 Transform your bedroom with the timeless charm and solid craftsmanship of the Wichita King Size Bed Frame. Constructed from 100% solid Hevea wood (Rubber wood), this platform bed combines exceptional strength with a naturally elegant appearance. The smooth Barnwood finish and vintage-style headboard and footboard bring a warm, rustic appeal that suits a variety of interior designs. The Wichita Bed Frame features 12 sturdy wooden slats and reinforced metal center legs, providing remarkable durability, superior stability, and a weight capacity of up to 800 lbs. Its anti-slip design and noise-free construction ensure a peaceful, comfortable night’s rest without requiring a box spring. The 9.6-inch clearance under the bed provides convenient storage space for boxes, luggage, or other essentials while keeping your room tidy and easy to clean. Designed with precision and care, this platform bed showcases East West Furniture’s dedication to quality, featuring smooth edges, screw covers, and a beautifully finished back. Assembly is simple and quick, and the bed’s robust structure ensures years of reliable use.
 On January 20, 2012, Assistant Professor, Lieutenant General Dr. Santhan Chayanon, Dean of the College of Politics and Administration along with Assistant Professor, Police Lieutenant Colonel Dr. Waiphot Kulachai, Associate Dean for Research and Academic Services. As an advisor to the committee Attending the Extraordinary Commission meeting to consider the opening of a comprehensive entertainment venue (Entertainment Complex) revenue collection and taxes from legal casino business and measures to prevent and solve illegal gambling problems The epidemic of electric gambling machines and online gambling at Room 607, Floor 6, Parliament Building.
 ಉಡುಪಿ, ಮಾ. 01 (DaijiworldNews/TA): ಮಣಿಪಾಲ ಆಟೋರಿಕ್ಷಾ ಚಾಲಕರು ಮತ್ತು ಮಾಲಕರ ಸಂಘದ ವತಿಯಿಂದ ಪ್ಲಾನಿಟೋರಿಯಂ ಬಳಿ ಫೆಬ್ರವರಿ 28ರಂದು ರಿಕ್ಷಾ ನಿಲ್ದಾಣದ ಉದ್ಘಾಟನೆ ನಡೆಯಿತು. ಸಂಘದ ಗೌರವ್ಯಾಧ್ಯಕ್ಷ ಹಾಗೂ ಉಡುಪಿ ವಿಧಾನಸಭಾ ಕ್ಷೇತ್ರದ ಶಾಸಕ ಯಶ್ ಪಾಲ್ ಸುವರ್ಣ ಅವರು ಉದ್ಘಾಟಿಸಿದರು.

- Assignment
Reproduce all the data word for word.

- Answer to the problem
 Transform your bedroom with the timeless charm and solid craftsmanship of the Wichita King Size Bed Frame. Constructed from 100% solid Hevea wood (Rubber wood), this platform bed combines exceptional strength with a naturally elegant appearance. The smooth Barnwood finish and vintage-style headboard and footboard bring a warm, rustic appeal that suits a variety of interior designs. The Wichita Bed Frame features 12 sturdy wooden slats and reinforced metal center legs, providing remarkable durability, superior stability, and a weight capacity of up to 800 lbs. Its anti-slip design and noise-free construction ensure a peaceful, comfortable night’s rest without requiring a box spring. The 9.6-inch clearance under the bed provides convenient storage space for boxes, luggage, or other essentials while keeping your room tidy and easy to clean. Designed with precision and care, this platform bed showcases East West Furniture’s dedication to quality, featuring smooth edges, screw covers, and a beautifully finished back. Assembly is simple and quick, and the bed’s robust structure ensures years of reliable use.
 On January 20, 2012, Assistant Professor, Lieutenant General Dr. Santhan Chayanon, Dean of the College of Politics and Administration along with Assistant Professor, Police Lieutenant Colonel Dr. Waiphot Kulachai, Associate Dean for Research and Academic Services. As an advisor to the committee Attending the Extraordinary Commission meeting to consider the opening of a comprehensive entertainment venue (Entertainment Complex) revenue collection and taxes from legal casino business and measures to prevent and solve illegal gambling problems The epidemic of electric gambling machines and online gambling at Room 607, Floor 6, Parliament Building.
 ಉಡುಪಿ, ಮಾ. 01 (DaijiworldNews/TA): ಮಣಿಪಾಲ ಆಟೋರಿಕ್ಷಾ ಚಾಲಕರು ಮತ್ತು ಮಾಲಕರ ಸಂಘದ ವತಿಯಿಂದ ಪ್ಲಾನಿಟೋರಿಯಂ ಬಳಿ ಫೆಬ್ರವರಿ 28ರಂದು ರಿಕ್ಷಾ ನಿಲ್ದಾಣದ ಉದ್ಘಾಟನೆ ನಡೆಯಿತು. ಸಂಘದ ಗೌರವ್ಯಾಧ್ಯಕ್ಷ ಹಾಗೂ ಉಡುಪಿ ವಿಧಾನಸಭಾ ಕ್ಷೇತ್ರದ ಶಾಸಕ ಯಶ್ ಪಾಲ್ ಸುವರ್ಣ ಅವರು ಉದ್ಘಾಟಿಸಿದರು.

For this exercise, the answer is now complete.